Okay, the instruction pipeline is stalling. In the frontend. Exactly what that means probably varies between microarchictectures.

I have a guess, though. If you're generous, you might even call it a hypothesis.

Hypothesis

By sorting the input, you're increasing locality of the writes. In fact, they will be very local; almost all additions you do will write to the same location as the previous one.

That's great for the cache, but not great for the pipeline. You're introducing data dependencies, preventing the next addition instruction from proceeding until the previous addition has completed (or has otherwise made the result available to succeeding instructions)

That's your problem.

I think.

Fixing it

Multiple sum vectors

Actually, let's try something. What if we used multiple sum vectors, switching between them for each addition, and then summed those up at the end? It costs us a little locality, but should remove the data dependencies.

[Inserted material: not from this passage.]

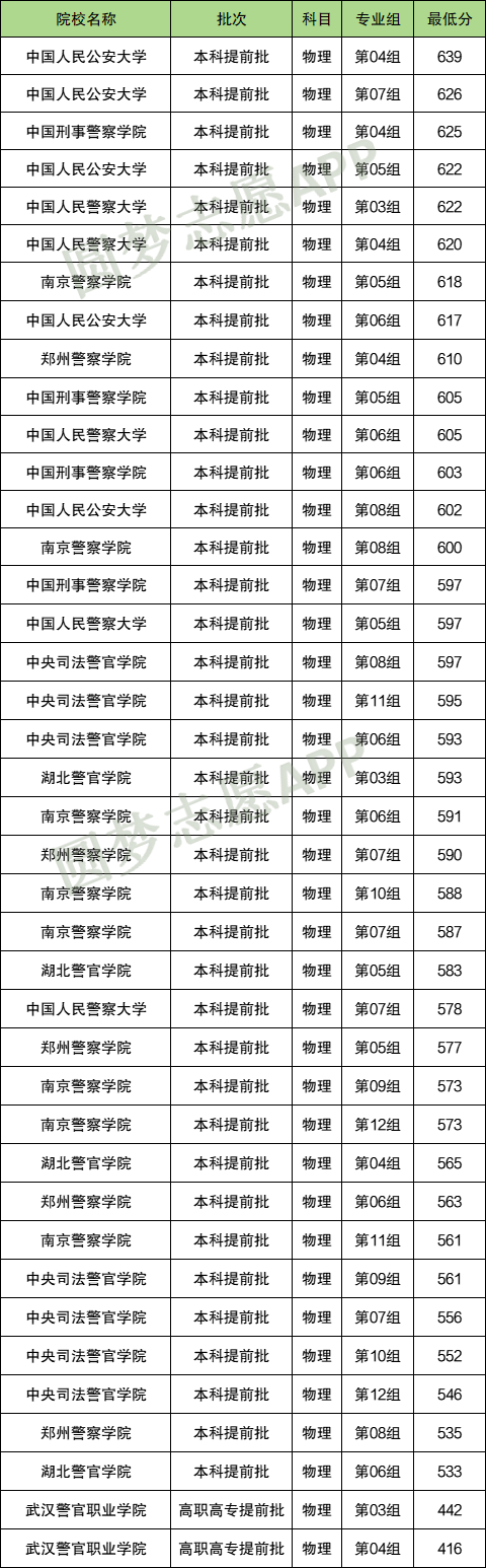 在湖北物理类投档分数线最高的院校专业组是中国人民公安大学04组,2024年分数线是639分;投档分数线最低的院校专业组是武汉警官职业学院04组,2024年分数线是416分。
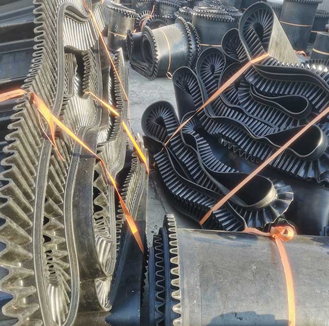 大傾角波狀擋邊帶:擋邊起防止物料測滑撒落的作用。為便于繞過滾筒,檔邊設計成波紋狀;橫隔板的作用是承托物料,為了實現大傾角輸送,采用T型TC型。檔邊和橫隔板是用二次硫化的方法與基帶連接的,具有很高的連接強度

(the code is not pretty; don't judge me, internet!!)

#include <iostream>
#include <chrono>
#include <vector>

#ifndef NSUMS
#define NSUMS (4) // must be power of 2 (for masking to work)
#endif

// This is the function whose performance I am interested in
void grouped_sum(int* p_x, int *p_g, int n, int** p_out) {
  for (size_t i = 0; i < n; ++i) {
    p_out[i & (NSUMS-1)][p_g[i]] += p_x[i];
  }
}

int main() {
  std::vector<int> values;
  std::vector<int> groups;
  std::vector<int> sums[NSUMS];

  int n_groups = 0;

  // Read in the values and calculate the max number of groups
  while(std::cin) {
    int value, group;
    std::cin >> value >> group;
    values.push_back(value);
    groups.push_back(group);
    if (group >= n_groups) {
      n_groups = group+1;
    }
  }
  for (int i=0; i<NSUMS; ++i) {
    sums[i].resize(n_groups);
  }

  // Time grouped sums
  std::chrono::system_clock::time_point start = std::chrono::system_clock::now();
  int* sumdata[NSUMS];
  for (int i = 0; i < NSUMS; ++i) {
    sumdata[i] = sums[i].data();
  }
  for (int i = 0; i < 1000; ++i) {
    grouped_sum(values.data(), groups.data(), values.size(), sumdata);
  }
  for (int i = 1; i < NSUMS; ++i) {
    for (int j = 0; j < n_groups; ++j) {
      sumdata[0][j] += sumdata[i][j];
    }
  }
  std::chrono::system_clock::time_point end = std::chrono::system_clock::now();

  std::cout << (end - start).count() << " with NSUMS=" << NSUMS << std::endl;

  return 0;
}

(oh, and I also fixed the n_groups calculation; it was off by one.)

Results

After configuring my makefile to give an -DNSUMS=... arg to the compiler, I could do this:

sumspeed$ for n in 1 2 4 8 128; do make -s clean && make -s NSUMS=$n && (perf stat ./sum_groups < groups_shuffled && perf stat ./sum_groups < groups_sorted)  2>&1 | egrep '^[0-9]|frontend'; done
1134557008 with NSUMS=1
       924 611 882      stalled-cycles-frontend   #   17,13% frontend cycles idle   
2513696351 with NSUMS=1
     4 998 203 130      stalled-cycles-frontend   #   52,79% frontend cycles idle   
1116188582 with NSUMS=2
       899 339 154      stalled-cycles-frontend   #   16,83% frontend cycles idle   
1365673326 with NSUMS=2
     1 845 914 269      stalled-cycles-frontend   #   29,97% frontend cycles idle   
1127172852 with NSUMS=4
       902 964 410      stalled-cycles-frontend   #   16,79% frontend cycles idle   
1171849032 with NSUMS=4
     1 007 807 580      stalled-cycles-frontend   #   18,29% frontend cycles idle   
1118732934 with NSUMS=8
       881 371 176      stalled-cycles-frontend   #   16,46% frontend cycles idle   
1129842892 with NSUMS=8
       905 473 182      stalled-cycles-frontend   #   16,80% frontend cycles idle   
1497803734 with NSUMS=128
     1 982 652 954      stalled-cycles-frontend   #   30,63% frontend cycles idle   
1180742299 with NSUMS=128
     1 075 507 514      stalled-cycles-frontend   #   19,39% frontend cycles idle   

The optimal number of sum vectors will probably depend on your CPU's pipeline depth. My 7-year old ultrabook CPU can probably max out the pipeline with fewer vectors than a new fancy desktop CPU would need.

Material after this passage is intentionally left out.